Review Board 1.7.22


ProgressReporter should work with both old and new MR API

Review Request #4971 - Created May 2, 2012 and updated

Travis Crawford
HCATALOG-373
Reviewers
hcatalog
francisliu
hcatalog-git
Update ProgressReporter to work with both old and new mapreduce API. Delay creating the base record reader so we have a StatusReporter and can use counters.
"ant clean test" passes

I can run pig+hcatalog queries using Elephant-Bird deprecated API wrappers, which is why this issue originally came up.
Review request changed
Updated (May 5, 2012, 1:23 a.m.)
Patch updated to include a test that counters exist when input has been read. Initially I went to add a test specific to this functionality but there was significant overlap with what already exists, so I updated an existing test to check that the bytes read counter is set when data has actually been read. This seems like the best approach as the ongoing maintenance will be low. The check includes a comment about why the check exists to help future developers.
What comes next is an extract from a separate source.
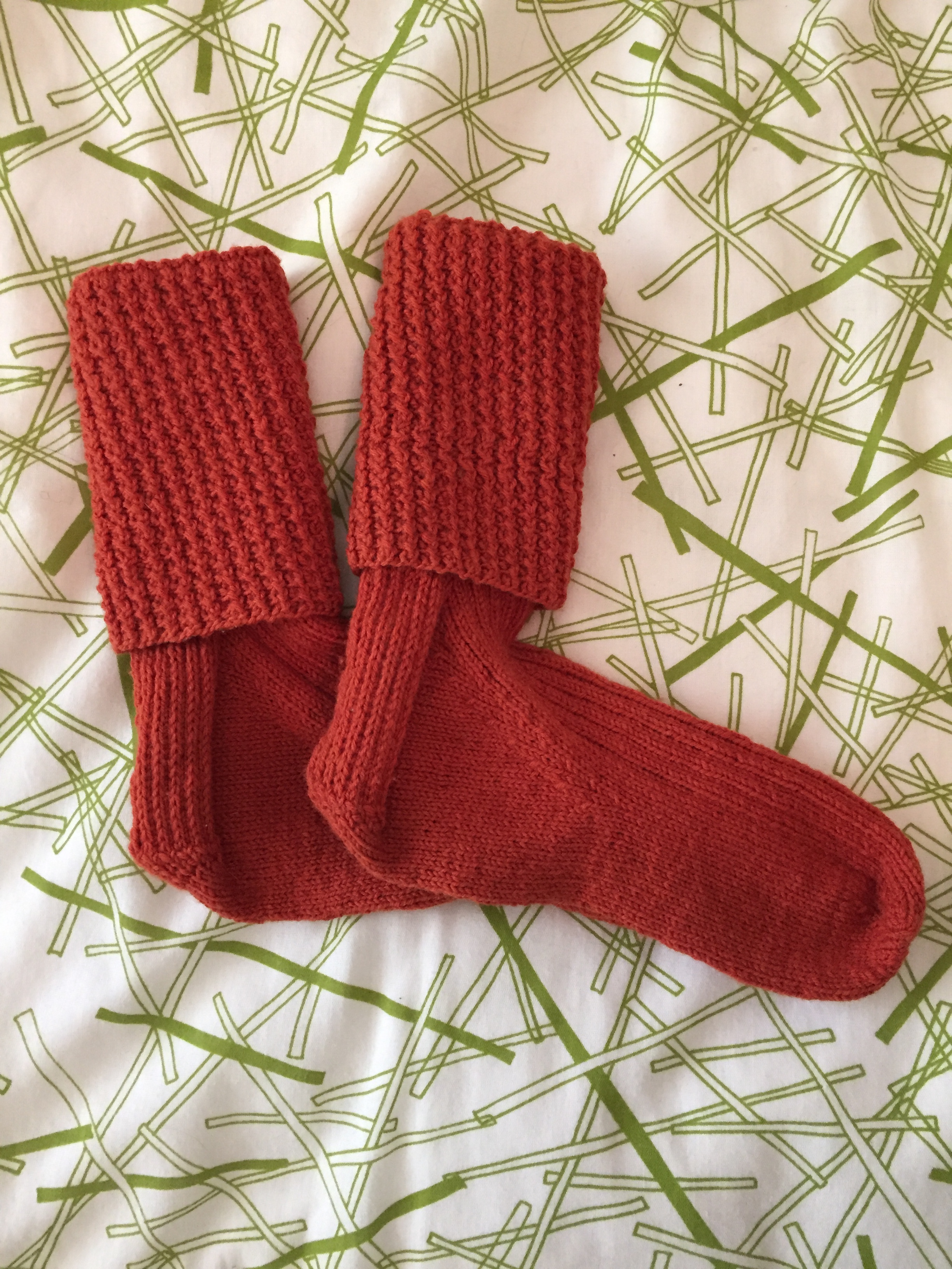 Finished Rick and Roll socks in orange Quince and Co Finch yarn

Suggestions from the previous review have also been incorporated. Specifically, we reuse hcatSplit instead of recasting. As the whole setting properties loop is not used I removed that section.
Posted (May 11, 2012, 11:42 p.m.)
Looks good to me. Just a concern with the change in the test output directory. If you agree with any of my proposals, I can change that on commit. Will run e2e tests.
  1. Sure, either approach sounds fine. The main thing is being able to run in the IDE. Do you want to make the change at commit time or for me to make it?
  2. Cool. I don't mind either way.
  3. Hey Francis,
    
    What do you think about checking this in as-is, and we can address the logs directory in https://issues.apache.org/jira/browse/HCATALOG-374 ? There's a lot of inconsistent setting up of a test metastore and I'd like to consolidate that setup code in a base test class so updates like these are available to all tests. I posted a patch in that issue you can look at as an example of what I'm proposing.
  4. Hi Travis, if you're addressing this issue in a separate Jira. I'd prefer not checking in this portion of the patch as it might affect the automated builds.
  5. The tests pass locally so CI should not be affected. In general I'm not a fan of builds producing things outside the build directory, because it makes locating test data and logs more difficult, and the clean target needs to do more than simply deleting the build directory, so there are opportunities for clean to miss things. Putting files in directories with the test class name ensures state does not get shared between tests.
    
    Please let me know what you'd like me to do here so we can wrap this up. This patch has been going for over a month now and I'd really like to reach closure and move on to new issues.
  6. I see, I'm no fan either and since you're addressing it in a separate jira. I'd rather we make the changes there rather than making it point to potentially another external directory. I'll check this in without this section. Let me know if you're ok with that.
  7. That would be great. Thanks!
The warehouse directory is set in the ant test target. If you're doing this for runs in your IDE then it'd be better to have this check if the sysproperty hive.metastore.warehouse.dir is set to support both cases.

It'll probably better if you put the dir in /tmp similar to ant the config "/tmp/hcat_junit_warehouse". Or add ant into the name {user.home}/hive_build/...